One thing that is most striking about Pulp Fictionon its 25thanniversary is its mundaneness. Quentin Tarantino de-emphasizes everything but the dialogue, which is the entire focus of this, his biggest and most popular film. This is not necessarily a flaw, but a tactic. We go to Tarantino’s movies to hear them, not just watch them. Pulp Fictionis all about the words coming from the characters’ mouths.
Take, for example, the way Tarantino portrays, or doesn’t portray, Los Angeles. Other crime pictures make stars, or at least supporting characters, out of their locations. In Michael Mann’s Heat,L.A. is draped in stylish nighttime glory. In Taxi Driver, Martin Scorsese portrays Times Square as a skeevy, scuzzy sin pot. You want to take a bath after watching it. Even the Coen Brothers manage to turn L.A. into one of the main characters in The Big Lebowski. Who can forget The Dude’s ill-fated trip to In-n-Out, or the Ralph’s supermarket, where he writes a check for 75 cents?
Tarantino would go on to make important L.A. pictures with Jackie Brownand Once Upon a Time in Hollywood, but not so, Pulp Fiction. He makes the city as drab and visually unappealing as possible. This is not a bad-looking movie, but it’s clear that he spent very little money on art direction and sent his location scouts to find the most dismal pockets of L.A.
The movie has scenes set in vacant lots, seamy alleys, sun-blasted parking lots, dimly-lit corridors, bland diners and humdrum bedrooms. You can see a roll of toilet tissue on the toilet tank in the bathroom where the Jerry Seinfeld assassin hides from Vincent and Jules. There are green trash cans overturned by the chain-link fence behind Butch’s seedy motel. The streets are wide and empty, void of bystanders who might witness the criminal doings of the characters. (I discount, of course, the scene where Butch runs over Marcellus with his car – plenty of bystanders standing around to catch bullets.) We see no freeways, no sports venues, not a hint of traffic. There is no movie-premiere glamor, nothing to suggest a Beverly Hills or Rodeo Drive. This is the blandest and most boring L.A. has ever looked.
The biggest scene in the movie is set in Jack Rabbit Slim’s, a nightclub that Vincent calls “a wax museum with a pulse.” Here we finally get to see some colorful production design. The scene also plays up the artificiality of Pulp Fiction; the extras all come across like movie extras, not like real people out for a night on the town. They seem every bit as “dressed up” as the faux-actors (yes) portraying Marilyn Monroe, Zorro and Ed Sullivan. One clever joke has Steve Buscemi – Mr. Pink from Reservoir Dogs– turning up as a Buddy Holly-styled waiter. Why? Because Mr. Pink bitched about waitresses in Reservoir Dogs. The whole movie, from start to finish, is a meta-commentary on other movies, including Tarantino’s own.

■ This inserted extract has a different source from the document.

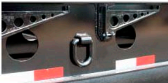
Flat style lash rings and outriggers

Shown with optional bolt on aluminum gooseneck cover and center deck.

The drab production design, flat lighting and understated photography (lots of widescreen interior shots) heighten the unreality of the film and emphasize the true action, which is the dialogue. As Tarantino recently said, he’s paying actors to show up and say his lines – he does not encourage improv. Pulp Fictionis a dialogue-delivery device – every motherfucker stands out, every FUCK is underlined, bold-faced and in all-caps. And really, this is some of the best dialogue ever written. I haven’t sat through this long, meandering, sometimes stilted and unnecessarily padded, crime epic in probably 20 years – start to finish, anyway – but I can still quote right along with whole scenes. There is a poetry to Tarantino’s dialogue, a flow, a rhythm, that makes it easy to memorize.
The interesting thing is that Tarantino managed to grow as a director from here, even though his scripts produced less memorable dialogue. I can’t recall a single line fromOnce Upon a Time in Hollywood, but that film is better-directed than Pulp Fiction, and is much more visually impressive. Same goes for Inglourious Basterds– I can’t quote it word-for-word, but Tarantino directed the shit out of that movie. For the first time this year, I fully expect him to win Best Director IN ADDITION to having a lock on Best Original Screenplay. He’s gotten that good.
As for Pulp Fiction… it’s not my favorite film. As I say, it’s long, and in love with its own voice. Everybody in 1994 portrayed it as this ultra-violent, Scorsese-level gangster picture, but the truth is, it’s sweet and nostalgic and just a teensy bit immature, a teenager dropping F-bombs and N-words hoping to get attention. I still like it – the acting is sublime, and the structure of Tarantino’s script is still a neat time-traveling trick. I just think it was telling us all along that Tarantino was meant to direct bigger, better things, and he is indeed doing so.